Tuesday, November 9, 2004

For frustrated and beleaguered Missouri, it's the perfect time for a break.

The Tigers don't play this weekend, so they're getting away from the game for a few days. Coach Gary Pinkel said Monday there was no temptation to work his team, which blew its third double-digit lead of the season in Saturday's 35-24 loss to Kansas State, as a form of punishment.

Missouri's next game is Nov. 20 against Kansas and Pinkel said the Tigers (4-5, 2-4 Big 12) will have plenty of time to prepare. They also need a breather considering the way their season has gone south, returning to practice on Thursday.

"If you have players who don't care, then you have to take a different stance," Pinkel said on the Big 12 coaches' teleconference. "I just don't feel that way, I don't think that's the right thing to do.

"We played a bunch of close games against good teams and came up short. We're going to fight through it."

Missouri (4-5, 2-4) led 21-0 in the second quarter against Kansas State (4-5, 2-4) before falling apart. Earlier in the year they squandered a 14-0 lead against Troy State and a 17-0 advantage against Oklahoma State.

Wide receiver Thomson Omboga said he saw dread in teammates' eyes as the lead evaporated, but Pinkel didn't know about that. He said it boiled down to making plays.

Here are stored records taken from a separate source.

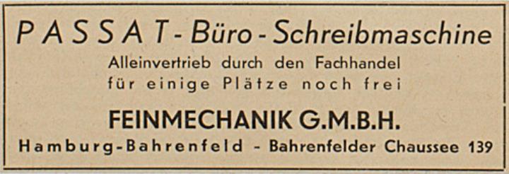 Werbeanzeige für Schreibmaschine Passat monochrom
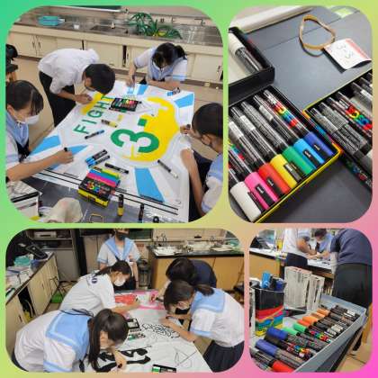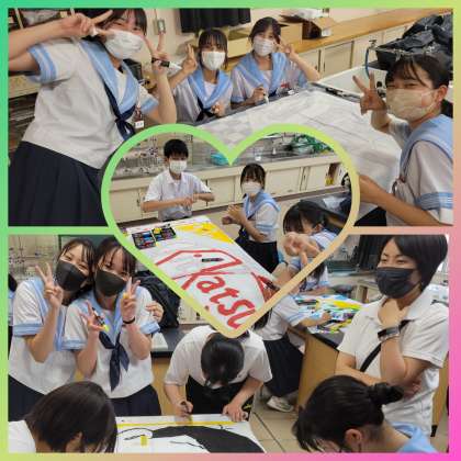 体育大会が6月10日(金)に開催されます。三年生は放課後、理科室に集まり各学級応援旗づくりに励んでいました。
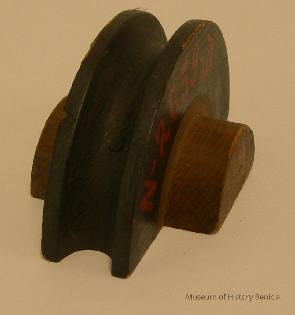 Yuba Pattern - Black/brown; red lettering: "N2659-D" and "Yuba Mfg Co / Thimble"; stamped in on the back: "N2659D" ; half-round shape; has holes in bak t fit companion piece which is not included; 2" wide x 4" long x 2-1/4" tall.Collection
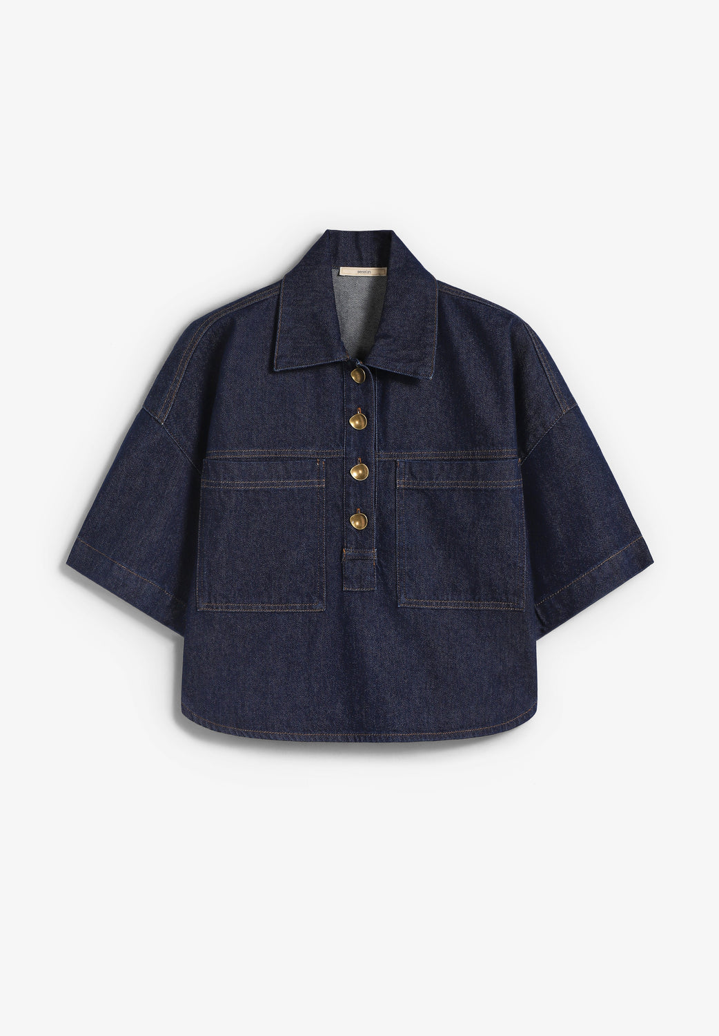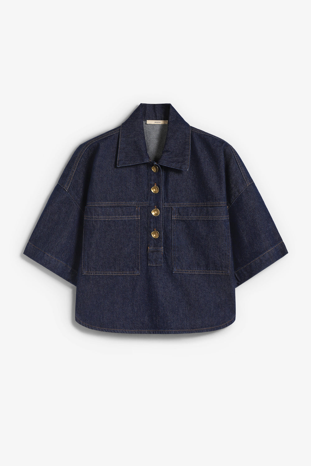 Camisa estilo camisa polo Sessun confecionada em 100% algodão. Com carcela de camisa polo com botões em contraste tipo jóia, manga curta, bolsos de remendo com costura em contraste e pregas planas nas costas.
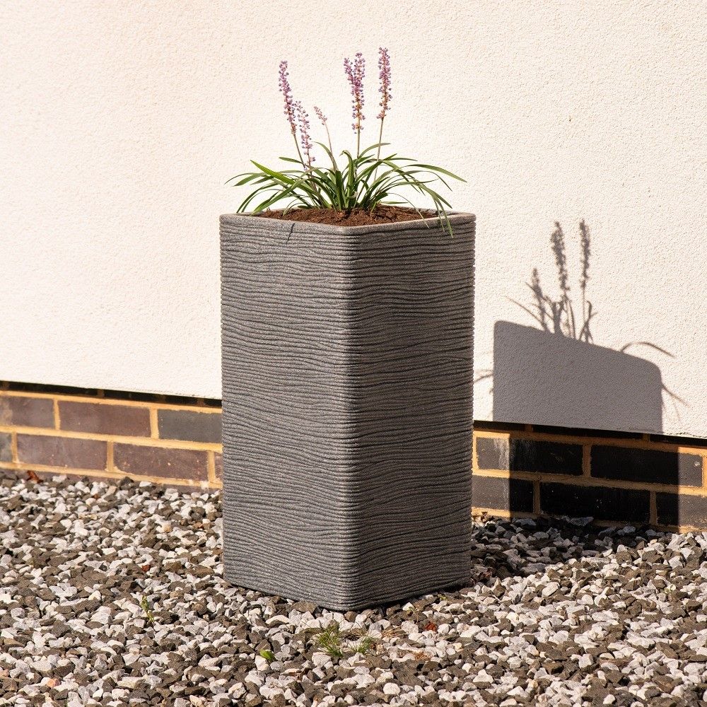 Elevate your garden or patio aesthetics with our Pewter Tall Square Amalfi Planter (60cm).

"We played a very, very good first half and in the second half we didn't play as well," Pinkel said. "The moral of the story is play better."

NORTH TITLE HUNT: Iowa State also is off this week, and coach Dan McCarney is taking a slightly different approach. The Cyclones (5-4, 3-3) are tied for the lead in the North and will practice Tuesday through Thursday before taking the weekend off.

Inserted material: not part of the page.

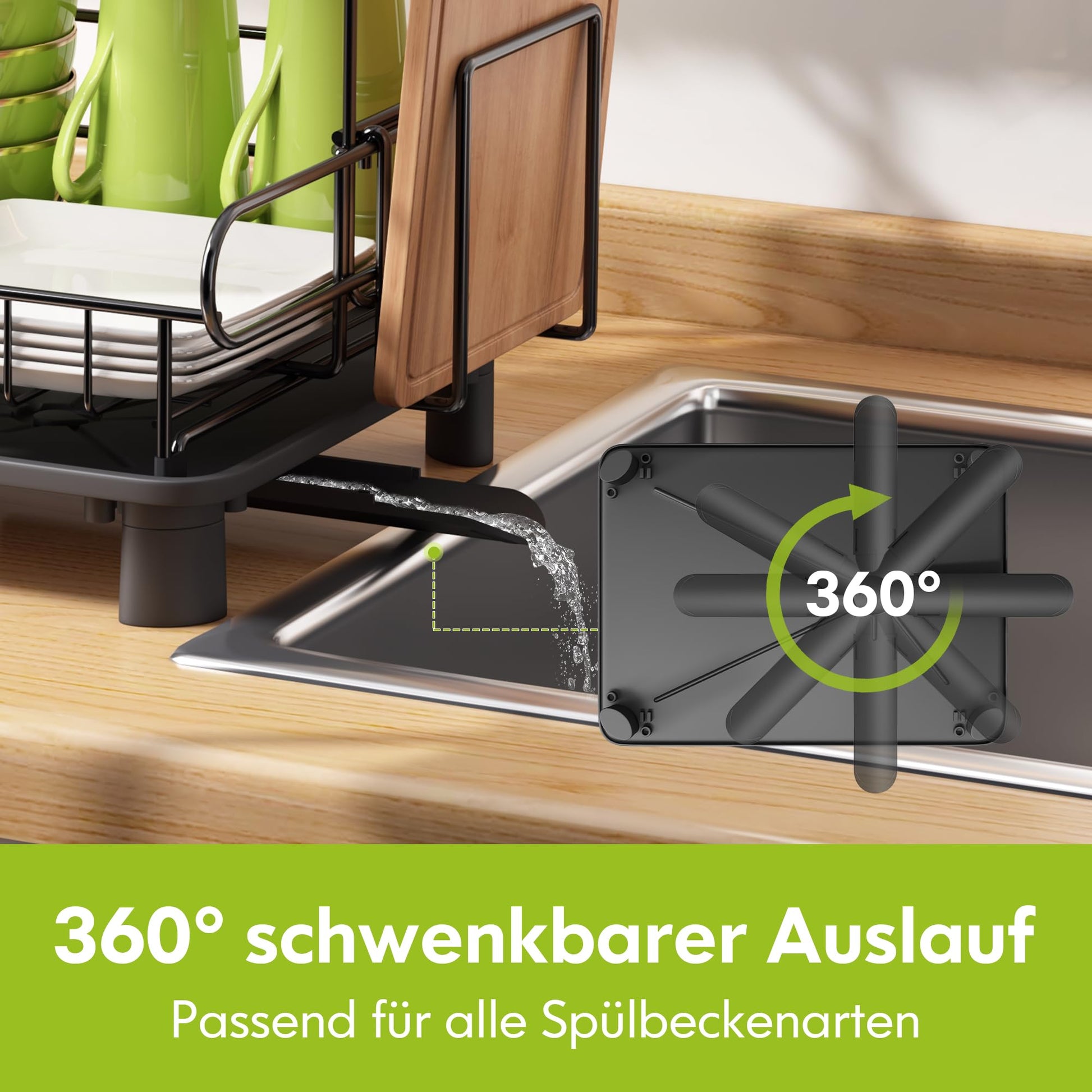 ["Save 80% space: Our double dish dryers and accessories take up less space on your countertop and can hold more dishes than a traditional dish dryer. It is very spacious and can accommodate a variety of kitchen utensils", "270 Swivel Drainage and Telescopic - Our dish drying rack is equipped with an automatic draining tray, saving you from manually pouring water daily, which is more convenient and easier! The innovative swivel spout rotates 270 degrees and can be extended to direct water into the sink, keeping the countertop dry", "Sturdy and durable dish holder - Our dish holders are made of thick and durable stainless steel. High strength, no deformation, environmental protection, safety, and durability. Three layers of O-coating, no loss of color, no fading, corrosion resistance. The dish holder is smooth and scratch-resistant to prevent hand injuries or scratches on the cups", "Easy to Install and Clean - The countertop dish rack is simple in structure and easy to install. No tools are required for installation, simply assemble. You can easily clean it by rinsing it under the tap. The drying rack is sturdy and durable, capable of holding up to 110 kg. Kitchen dish holders are an ideal gift for family and friends", "2-tier dish drying rack with drain tray rack: de dicat, de zones, folplets, powers, and-utten-sears. Stedifrem Preventz Tipping - This drains, tips, everything, Upsitlet, Andsekur"]

"It's important we get some rest," McCarney said. "We've squeezed about all the energy out of these kids."

Kansas State will try to keep alive its bid for a 12th straight bowl bid, and perhaps even the North division title, this week at Colorado. The Buffaloes (5-4, 2-4) also are in the hunt for the right to play in the Big 12 championship game.

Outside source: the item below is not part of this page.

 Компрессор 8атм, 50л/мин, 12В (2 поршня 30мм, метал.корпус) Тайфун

Iowa State and Nebraska (5-4, 3-3) are tied for first and only Kansas (3-6, 1-5) is out of the running. Colorado coach Bill Callahan said he could foresee this considering the change in coaches at Nebraska, heavy player turnover at Kansas State, the Buffaloes' off-field troubles and Missouri's perceived rise.

"I think I saw this one coming back in the summer," Colorado coach Gary Barnett said. "It just felt that way. I sort of thought it was going to be crazy."

Callahan said the task this week will be seeking consistency.

"Kansas State is fighting for their lives, much like we're fighting for ours," Callahan said. "I think our challenge as a young team is can we maintain some continuity, can we avoid the peaks and valleys that come with being young and not doing everything right?"

BIG COMEBACK: The best comeback in the Big 12 on Saturday belonged to No. 6 Texas (8-1, 5-1), which trailed Oklahoma State by 28 points at halftime before rallying to win 56-35.

"We changed momentum completely," coach Mack Brown said. "We just played two completely different ballgames. I thought Oklahoma State (6-3, 3-3) played the same in the second half, but we just played so much better."

What the comeback does for the team's bowl prospects is unclear. Brown has learned from experience not to expect anything.

"Who knows with the BCS?" Brown said. "I think our team understands that the system is in place for conference champions. I told the guys, all you can do is keep winning, and if you're not in the BCS that's not your fault."

ONE FOR THE ROAD?: Baylor (3-6, 1-5) would be happy with a win on the road this weekend at Oklahoma State. The Bears have lost 35 straight conference road games.

During his playing career, coach Guy Morriss said he liked life on the road. When he played for the Eagles he remembered the home crowd throwing batteries at them.

"I used to love to go places where they spit on you and dog-cussed you," Morris said. "You'd better learn how to deal with that. There's no safe environment."

Especially not Oklahoma on Saturday, where the Sooners will have a chance to wrap up the South. This will be new Nebraska coach Bill Callahan's first shot at one of the top college rivalries, although he said it's not the same now that the teams are in opposite divisions and don't play every year.

"I've followed it quite a bit and it's one I respect," Callahan said. "But I've always looked at competition as faceless objects. Our focus this week is just to try to improve our team and really tighten down our screws in terms of preparation."